Youth Involvement in Prostitution: A Literature Review and Annotated Bibliography
Appendix A: Annotated Bibliography (continued)
Yates, G., MacKenzie, R., Pennbridge, J., & Swofford, A. (1991). A risk profile comparison of homeless youth involved in prostitution and homeless youth not involved. Journal of Adolescent, 12, 545-548.
This study compares visits of 467 non-prostitute youths to a runaway/homeless outpatient clinic with 153 youth involved in prostitution who attended the same clinic. The data was collected over a 12-month period. Using information from “adolescent risk profile” interviews, the authors note that homeless prostitutes are involved in more high-risk/health compromising behaviour such as drug abuse, suicide and depression. HIV-related risks associated with prostitution include multiple drug abuse, “gay or bisexual male involvement,” and numerous sexual partners. A large number of youth prostitutes reported a history of sexual abuse, “suggesting the need for intervention by the child protective service system.”
Zigman, M. (1999). Under the law: Teen prostitution in Kensington.

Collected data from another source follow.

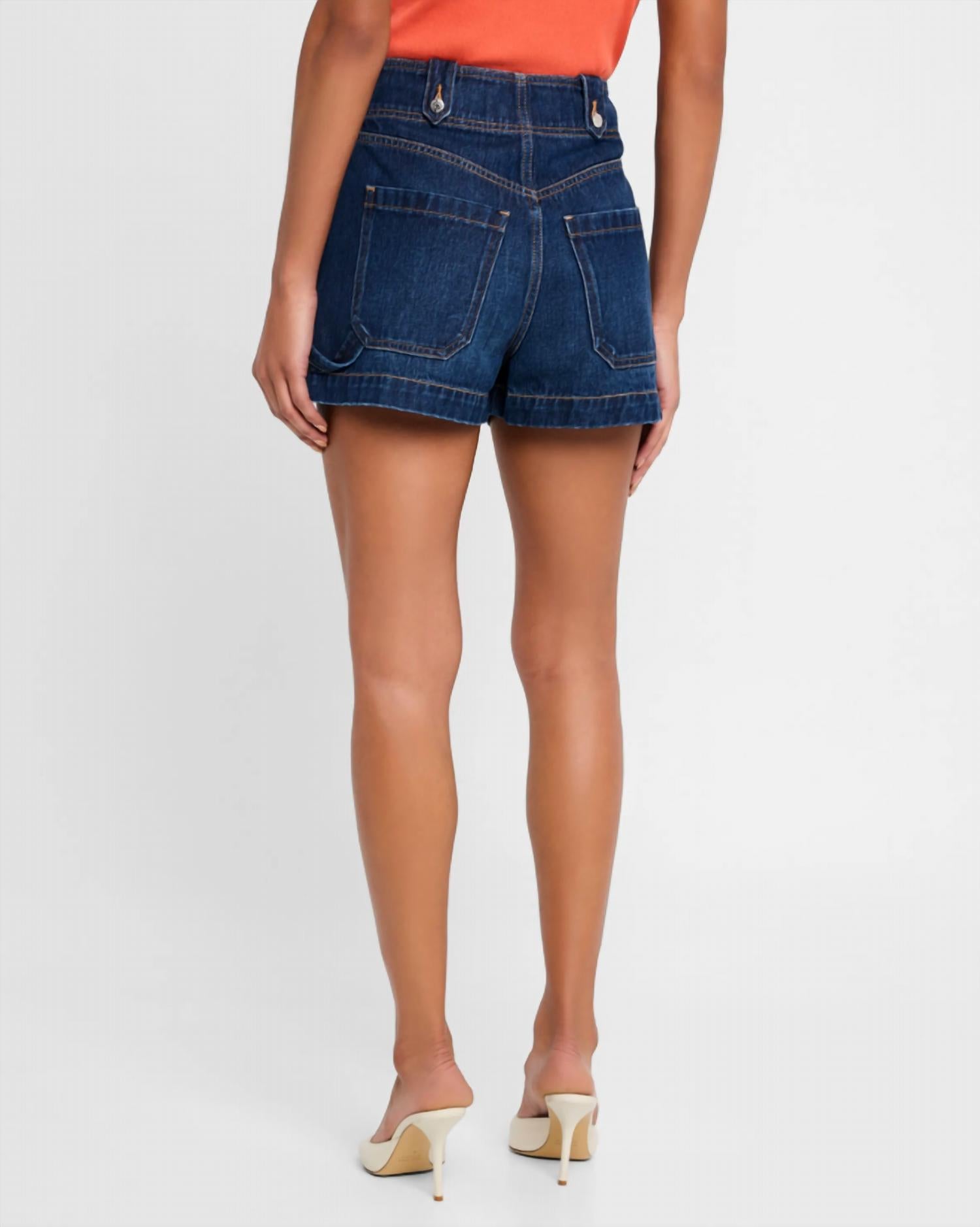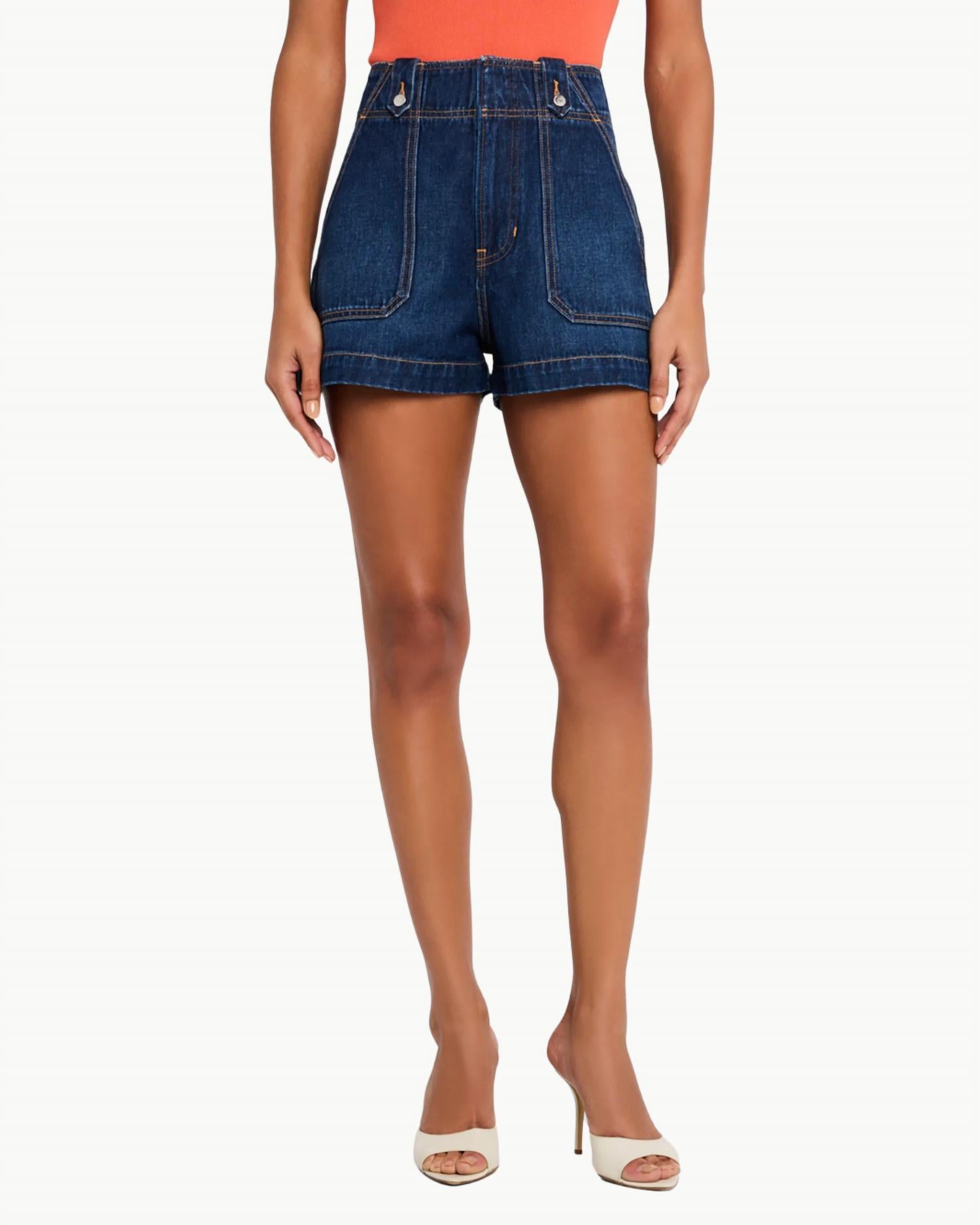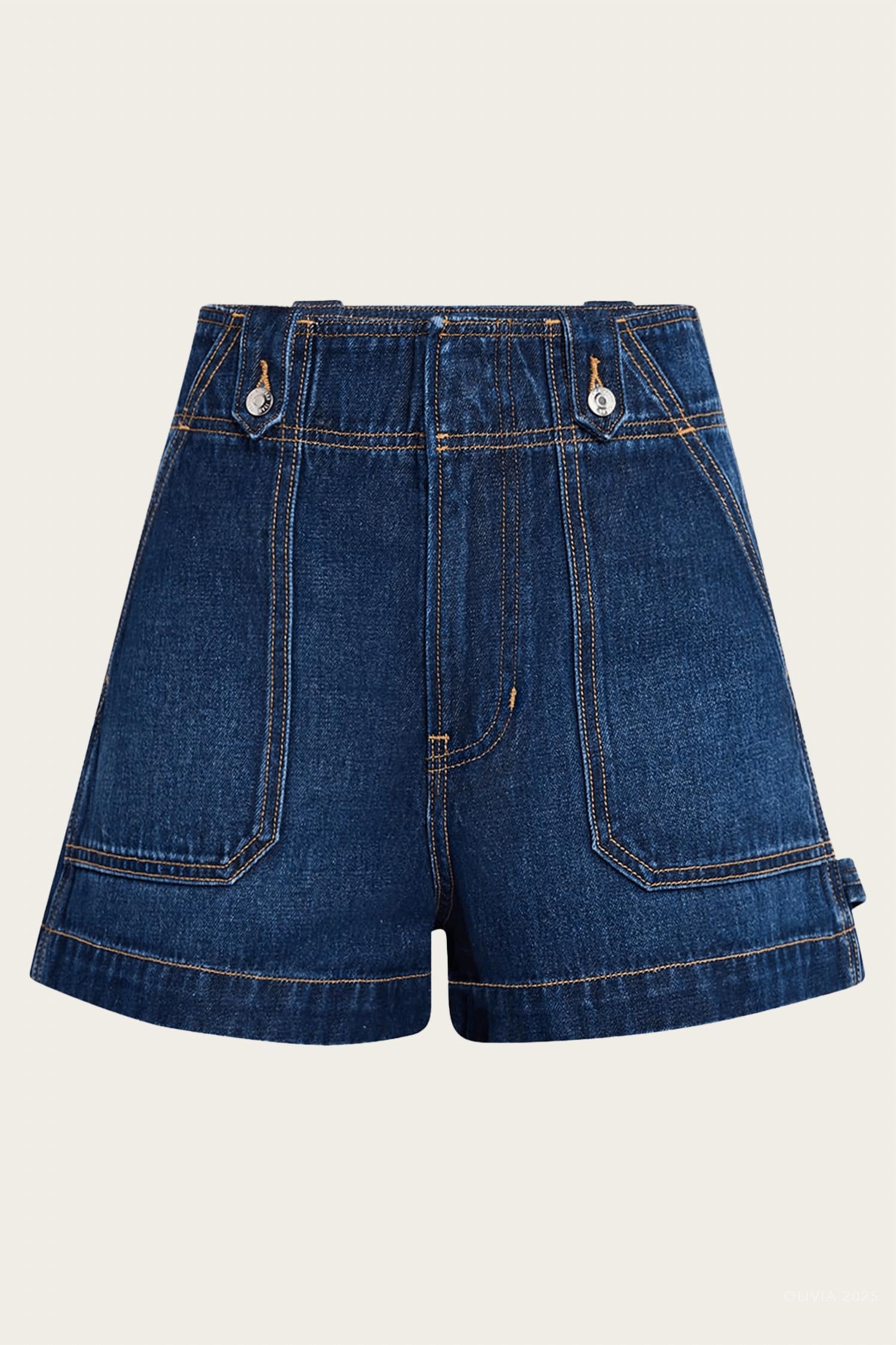 You can never have too many jean shorts and these will be your new favorites. Introducing the Graham Denim Workwear Short by Veronica Beard, a blend of comfort and utility for the modern woman. These shorts, made from 100% cotton in a bright blue hue, feature a high rise with a waist-hugging fit and an approximate 2.5-inch inseam for a flattering silhouette. Crafted in China, the design includes front and back patch pockets, belt loops, and a concealed button closure for a refined look. Care is simple with machine washing, making it perfect for the spring season.
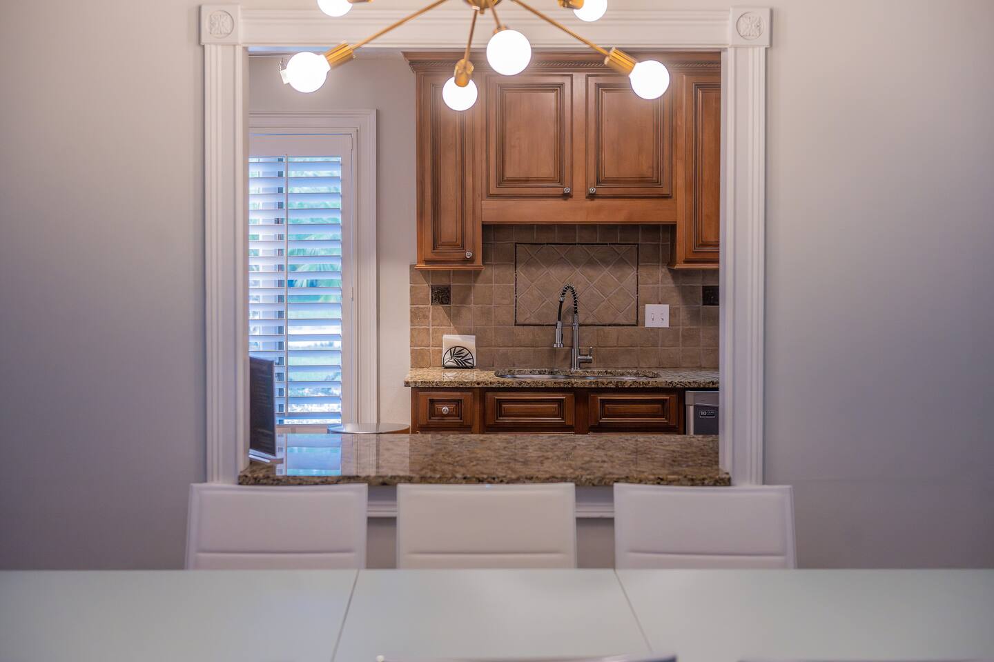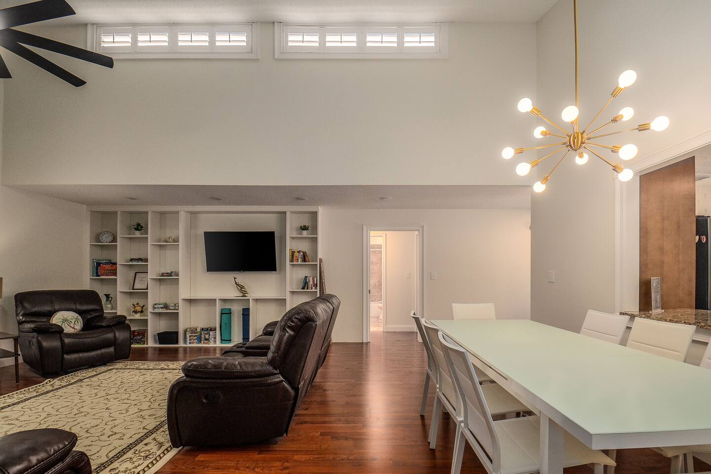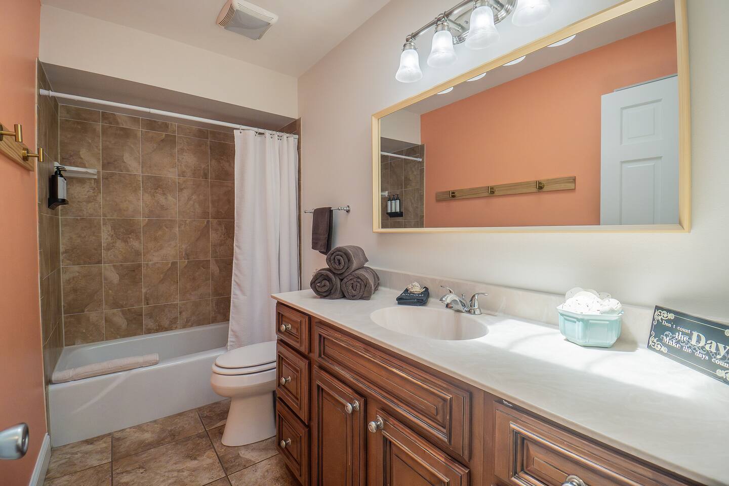 √ Bedroom One: The centerpiece of the modern themed bedroom is a lavish, king sized bed with a comfy mattress and linens that promise a restful night's sleep. It has a large closet & plenty of storage space for extended stays. Gorgeous bay windows bring in beautiful natural sunlight. Dedicated desk for remote professionals. This room has a Smart TV. √ Ensuite Master Bath: Cute Bathroom with a walk in shower. Shampoo, conditioner, body wash provided. Hair dryer, curling iron and straightener available for use. Plenty of towels. √ Bedroom Two: This stylish bedroom comes with a queen sized bed with a comfy mattress and linens. It has a large closet and storage space for extended stays. Gorgeous bay windows bring in beautiful natural sunlight. Futon Couch. √ Bedroom Three: This stylish bedroom comes with a queen sized bed with a comfy mattress and linens. It has a large closet and storage space for extended stays. Beautifully painted wall mural. √ Bedroom Four: Newly added, pictures coming soon! Small bedroom with a full size bed √ Guest Full Bathroom: Cute Bathroom with a tub/shower combo. Shampoo, conditioner, body wash and a hair dryer available for use. Plenty of towels available. √ Living Room: Curl up on the couched and enjoy your favorite show or movie on the smart TV. This living room comfortably seats 6 people. The living room offers gorgeous views out the back yard. Vaulted ceilings and large entertainment shelves full of books and games for all ages! √ Kitchen: The kitchen is a culinary haven, equipped with everything you need to unleash your inner chef. Whether you're whipping up a meal from scratch or reheating leftovers, you'll find all the tools you need. For coffee enthusiasts, you’ll find a Keurig and a drip coffee maker with a variety of coffees, creamers as well as tea options. √ Dining: The indoor dining room table has seating for 6. The outdoor patio table also seat 6. √ Extras: - Screened in patio - Multiple outdoor seating areas - Grill - Washer and dryer (supplies included) - Pet friendly with paid pet fee!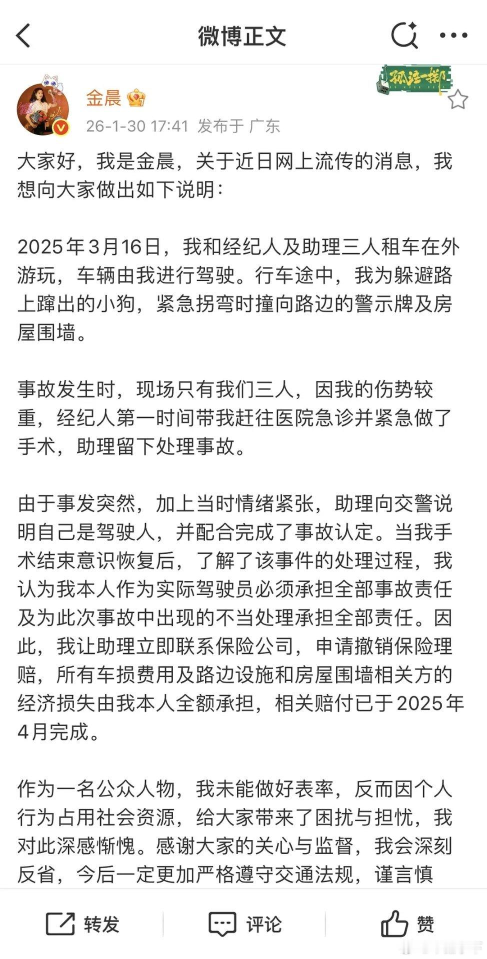 金晨的回应来了金晨被曝肇事逃逸被撞墙农户已获赔

Critique of Anthropology, 19 (2), 193-201.
Traditional explanations of the antecedents of youth involvement in prostitution focus on drug abuse, sexual abuse and the “dysfunctionality of the nuclear home.” According to Zigman, these “monocausal explanations fail to take into consideration the myriad of reasons why young women enter into prostitution as well as the complexity behind their actions.”
The current capitalist system makes prostitution a viable source of income for some youth. For instance, because youth are excluded from the workforce – usually via child labour laws – they turn to forms of marginal work as a means of subsistence (including prostitution). “The regulation of children’s labour, in addition to a weakened household economy, functions in such a way that if forces children into marginal work, and the streets become a viable alternative to the home.”
The author argues that confronting youth prostitution is conditional upon our willingness to address an economic system that has allowed prostitution to be a viable source of income for some youths. The author also argues that most of the literature on the causes of youth prostitution ignore the demand aspect of the trade – “poverty and social problems do not explain such a large demand factor.”